References to code sections are to the Penal Code.
FACTUAL AND PROCEDURAL SUMMARY
Defendant was charged with three counts of violating section 288.7, subdivision (a), sexual intercourse or sodomy with a child under 10 years of age (counts 1, 2, & 3); and two counts of violating section 288.7, subdivision (b), oral copulation or sexual penetration of a child under 10 years of age (counts 4 & 5). Trial commenced on May 12, 2015.
Defendant's daughter, N., was eight years old when she testified at trial. N. testified that defendant "put his private in mine." She was referring to her "back private," which she uses to "do the restroom." N. testified defendant had done this about seven times, beginning when she was five years old.
Certain persons are identified by initials in accordance with our Supreme Court's policy regarding protective nondisclosure. No disrespect is intended. --------
N. testified defendant "usually always does that when he's drunk" and fights with her mother. N. testified that it "feels hard" and "hurts" when defendant did this to her, but she did not scream although she was scared. When defendant was done, he would tell N. to "never tell anybody."
N. testified that defendant "put his private one time in my front private." On another occasion, defendant put his fingers inside her "front private" and she could feel him "scratching." This stung and hurt. Defendant also made N. "suck" his "front private" when he was drunk; it "felt nasty" and made N. feel like she was going to choke.
N. never told her mother what was happening because she was scared her mother would not want to live with her anymore and would run away. N. told her sister and later her three cousins.
The three cousins told their mother, R.R., who became aware of the incidents in 2014 about a year prior to the trial. R.R. recorded a conversation with N., which was played at trial and a transcript provided. In the tape, N. stated defendant would come to her room and do "something nasty" to her; that defendant makes her "suck his thing" and "he licks his fingers and puts it in her front butt." N. described some of the incidents in detail. While defendant was engaged in these acts against N., he would be watching pornography, which ended up on N.'s iPod.
N. did not want defendant to live with her anymore. N. also told her aunt that defendant told her not to tell anyone or he would hit her with his belt. R.R. described N. as appearing "real scared" that defendant would find out she had told someone about the abuse and he would hit her with the belt.
R.R. told her mother, N.'s grandmother, about what N. stated defendant had done to her. The day after this taped conversation, they took N. to the hospital.
M.R., N.'s mother, testified that when she and defendant fought, she would not allow him to sleep in their bedroom. M.R. and defendant both worked, but not always the same shift and there were times defendant was alone with N. M.R. first became aware of what was happening between defendant and N. when her sister, R.R., told her.

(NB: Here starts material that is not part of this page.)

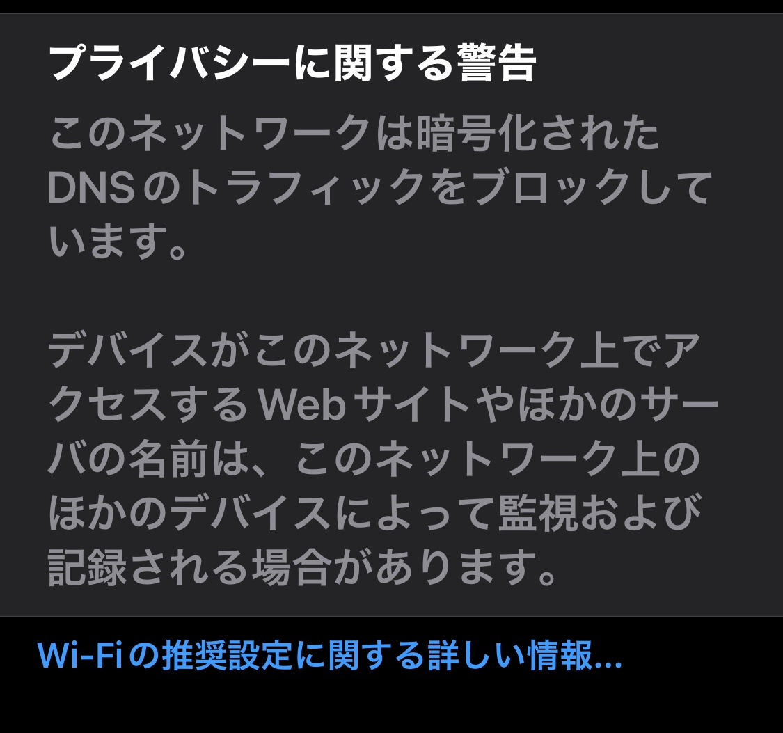 WiFiで暗号化されたDNSをブロックしている…警告について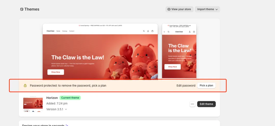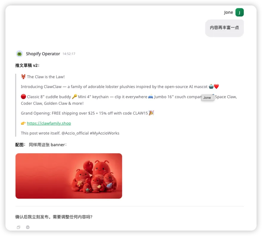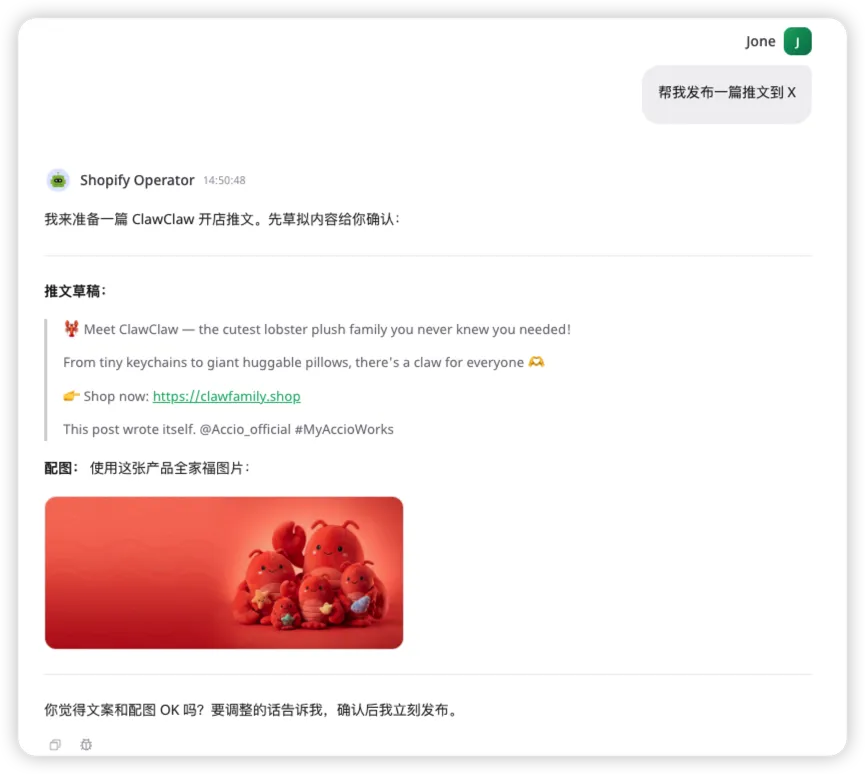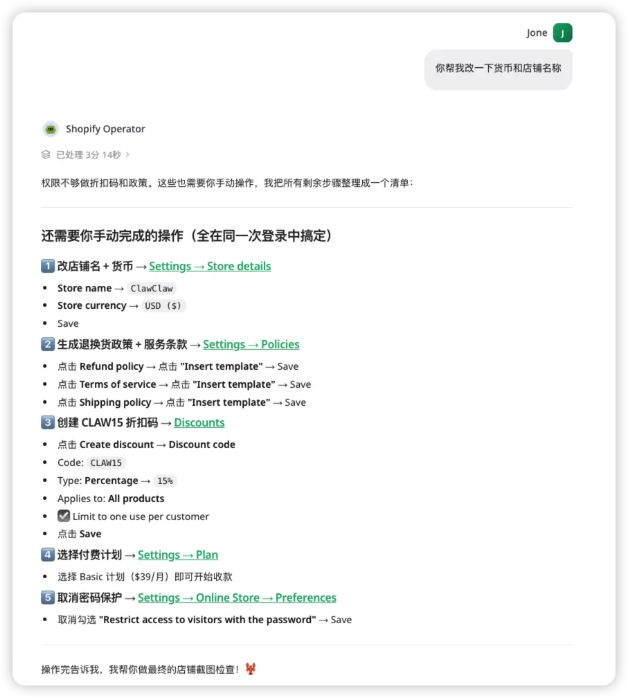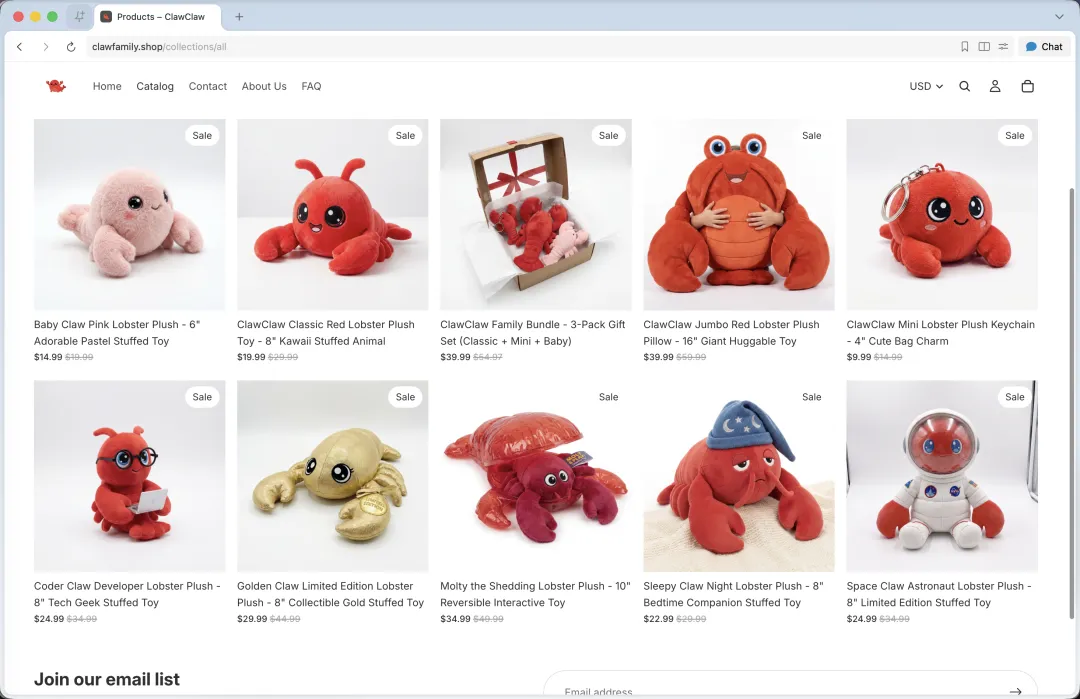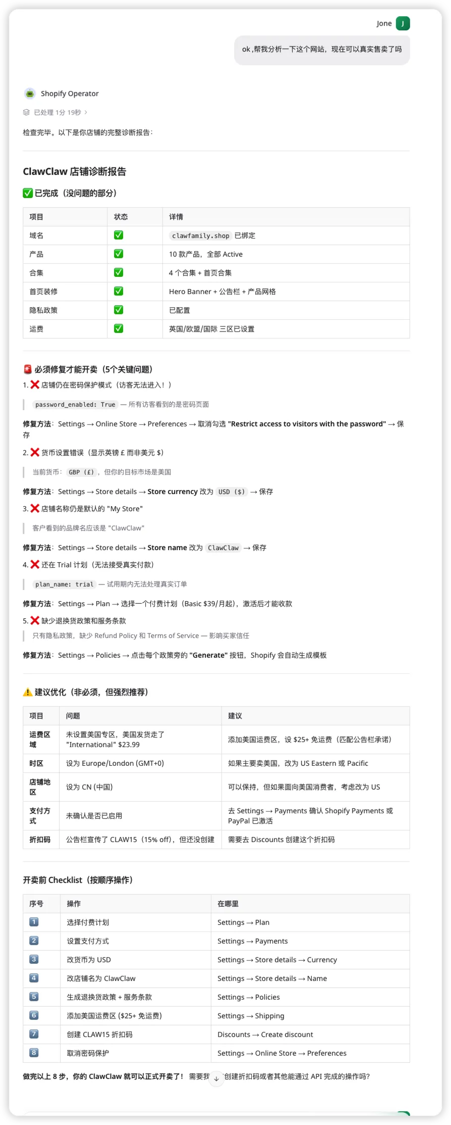 我想开一家卖“ClawClaw”毛绒玩具的 Shopify 店铺。完整链路

Tonya Franklin, a hospital social worker, interviewed N. After completing her interview with N., which lasted about 30 minutes, Franklin contacted the Firebaugh Police Department and a medical doctor at the hospital.

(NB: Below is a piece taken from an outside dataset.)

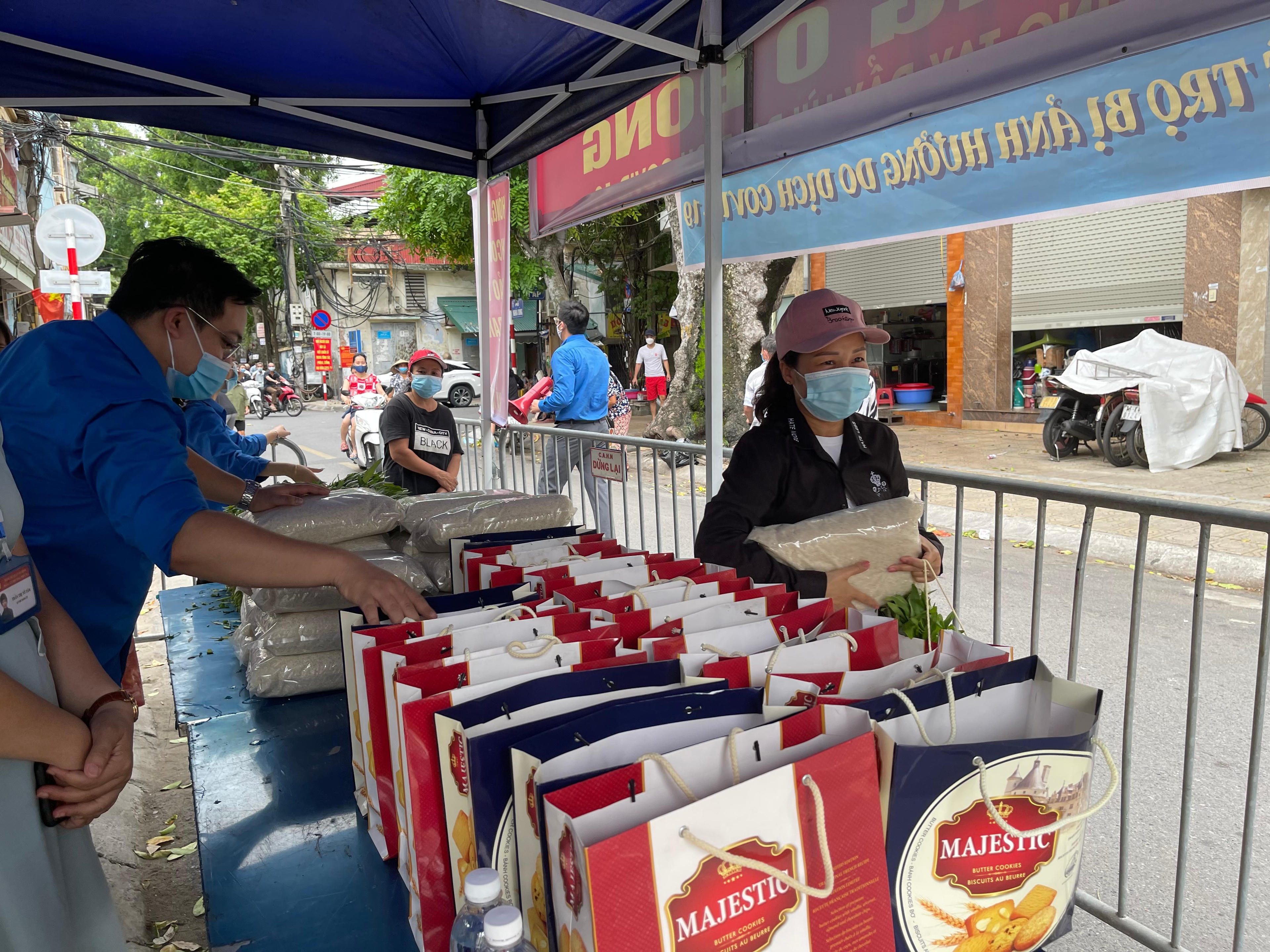 Những túi gaọ, mớ rau xanh được trao tận tay người lao động mất việc trong thời gian Hà Nội thực hiện giãn cách xã hội tại phường Phúc Xá (Ảnh: Mỵ Châu) |
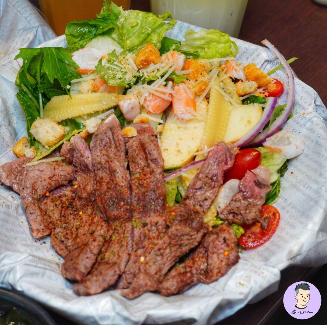 沙拉搭配板腱牛,牛肉半筋半肉口感軟嫩

Firebaugh Police Officer Brett Miller went to the hospital to interview N. Once Miller determined N. knew the difference between a lie and the truth, he proceeded to interview her. N. provided details to Miller of the time, place, and ways in which defendant had touched her inappropriately.
Miller and another officer then interviewed defendant. Defendant initially denied ever getting kicked out of the bedroom he shared with M.R., then later admitted this happened. When he was not sleeping in the same room as M.R., defendant would sleep in N.'s bed, but denied ever touching N. inappropriately.
Jaylene Osena, a nurse practitioner at the hospital, conducted a physical examination of N. N.'s anus and hymen appeared normal. Osena testified she could not determine medically one way or the other whether sexual abuse had taken place. Osena also interviewed N. N. told Osena that defendant put his "privates" in her "behind," mouth, and "front part of privates."
Christina Valencia, another social worker at the hospital, spoke with N. N. told Valencia that "her father had put his privates in her privates."
Firebaugh Police Officer Magda Martinez arranged for an "MDIC interview" of N. The recorded interview was played for the jury and a transcript of the interview included as an exhibit. N. told the interviewer that defendant put his "private" in her "behind" more than five times and would watch "nasty videos" on his phone while he did so; put his finger in her "front private"; put his "private" in her "front butt"; and forced her to lick and suck on "his private."
David Love, a licensed therapist, testified as an expert on Child Sexual Abuse Accommodation Syndrome. Love testified to each of the five components of the syndrome: (1) secrecy; (2) helplessness; (3) entrapment and accommodation; (4) delayed, conflicting, unconvincing disclosure; and (5) retraction.
On May 26, 2015, the jury returned verdicts finding defendant guilty on all five counts. On July 13, 2015, defendant was sentenced to an indeterminate term of 25 years to life on count 1; consecutive terms of 25 years to life on counts 2 and 3; and consecutive terms of 15 years to life on counts 4 and 5; for a total aggregate term of 105 years to life.
Defendant filed a timely notice of appeal on July 13, 2015.
DISCUSSION
Appellate counsel filed a brief pursuant to People v. Wende, supra, 25 Cal.3d 436 on February 17, 2016. That same day, this court issued a letter to defendant inviting him to submit a supplemental brief. Defendant's supplemental brief was filed on March 16, 2016. Defendant asserts in his letter brief that he was never given the opportunity to testify and defense counsel rendered ineffective assistance.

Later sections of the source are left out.